Doesn’t it seem like we exist to fund these bureaucrats? The passengers who exist for the sake of the ship?

Steve in SC
May 31, 2012 1:21 pm

Pull My Finger says:
May 31, 2012 at 10:57 am
Thank God. This is the first and likely the last time I will agree with Henry Waxman.

I am totally there with you Pull.
There is not a single thing that the UN has ever done that has been done competently.
Just like the League of Nations before it, it is a toothless bureaucracy that is utterly corrupt.
We don’t need to flush another penny their way.

May 31, 2012 1:37 pm

Plus let’s not forget that the UN sees Broadband Development and Climate Change to be intimately related.
http://www.broadbandcommission.org/work/working-groups/climate-change.aspx

May 31, 2012 1:38 pm

It’s not over.
It never is.
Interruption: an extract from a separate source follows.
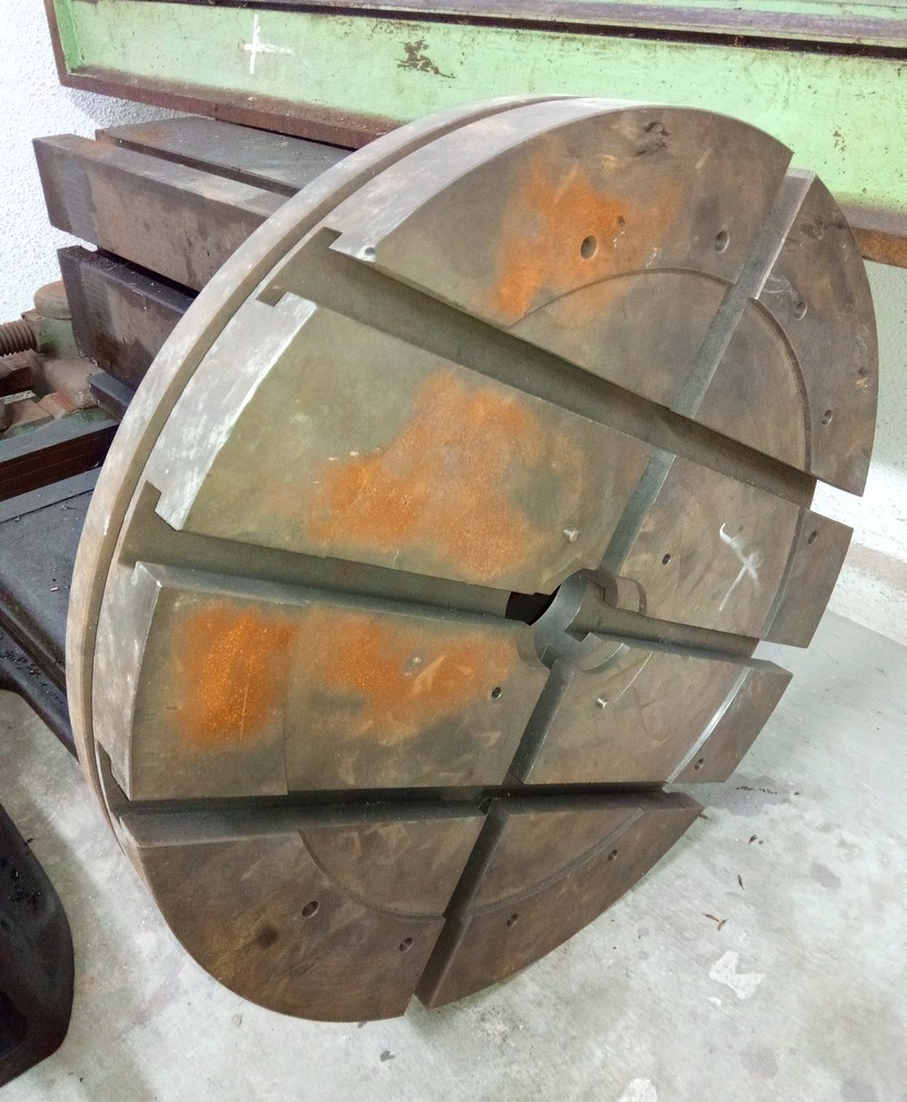 Když jsem o tom přemejšlel vic, napadlo mě, že by tam mohl bejt otočnej stůl, protože křížovej posuv by byl řešenej na vrchu, a tak jsem znova zajel do šmelcu a dovezl si hotovej stolek z padesátky stolu, bude chtít trochu srovnat do roviny, je to nějakej atyp, ale je novej a to se cení. Takže jej zapustím do desky stolu, a mohlo by se na něj upinat výklopný zařízení na fixaci hlav, takže by to byl pěknej 5ti osej stolek, kterej by mohl vážít půl tuny, otázka je, jestli to ruční přesouvání neudělat strojně, ale to už vlastně stavím cnc frézku, a to nepotřebuju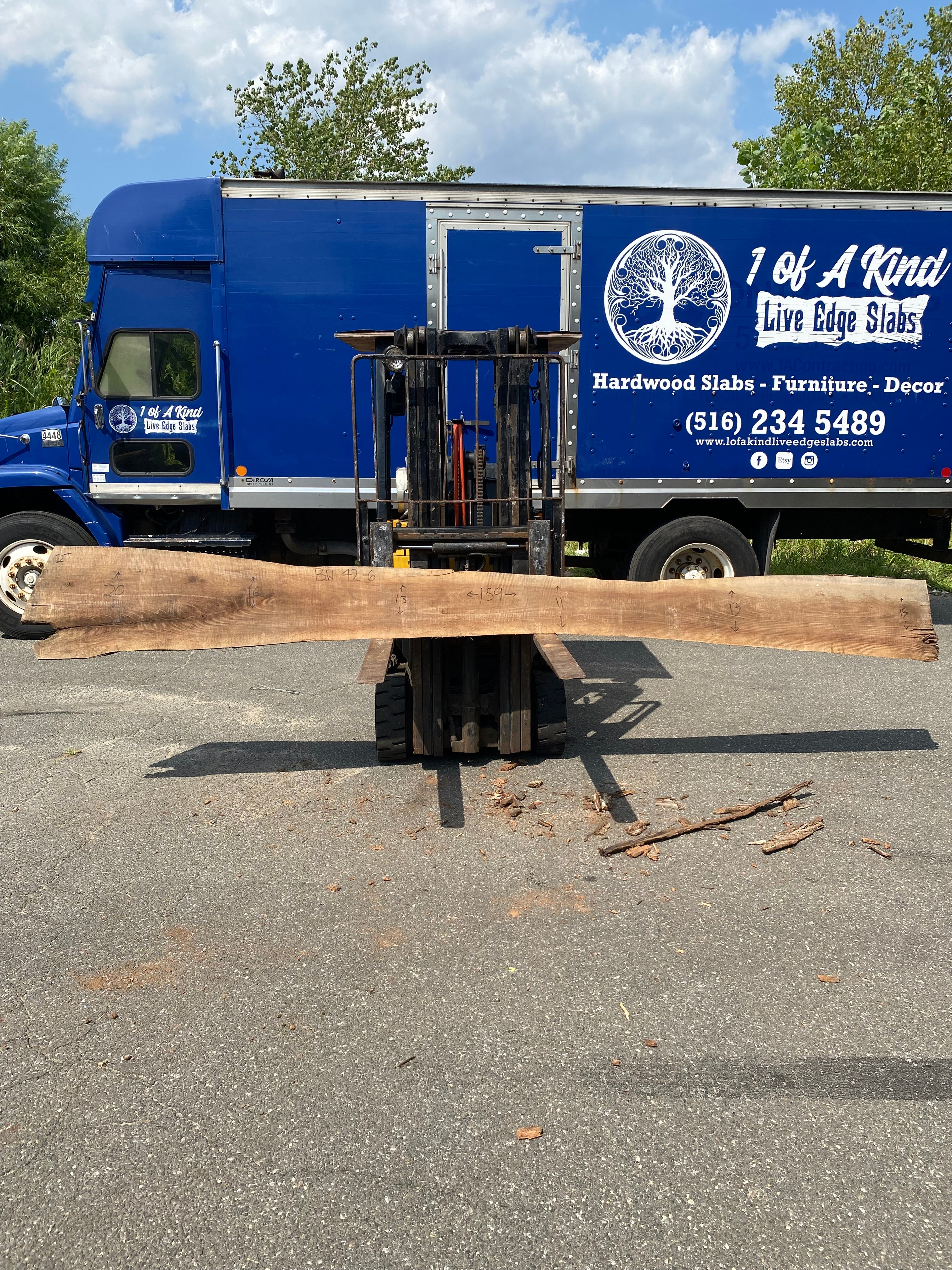 This stunning live edge black walnut slab measures 159"L x widths ranging from 11-20" x2"T, making it the perfect centerpiece for your next woodworking project. Its natural, undulating edges offer a unique and elegant touch. Let the natural beauty of this slab bring your vision to life.

Anytime these receptacles of human filth loose a battle, you can rest assured if will come back up in a few of years. This goes on and on until it passes. Eventually, they get their way. It’s their guiding principle. Until these criminals (IMO) are imprisoned, they will not stop.

Math Genius
May 31, 2012 1:44 pm

Is there any information about some congressmen who argued are IN FAVOR of ITU’s plan? Don’t tell me 535 people are in complete agreement.

Obie
May 31, 2012 1:52 pm

It is long past the time for the UN to be kicked out of the US of A. The ideals that were put forth at its inception have long been sunk into the muck of graft, corruption and empire building that seems to be the preoccupation of so many of the current crop of delegates.

hum
May 31, 2012 2:02 pm

Ian H I might agree with you about some of the court rulings, but as to the naming jurisdiction, if you don’t like it start your own internet.

May 31, 2012 2:02 pm

Bob Diaz says:
May 31, 2012 at 11:50 am
This is the first bit of proof of intelligent life in Washington DC.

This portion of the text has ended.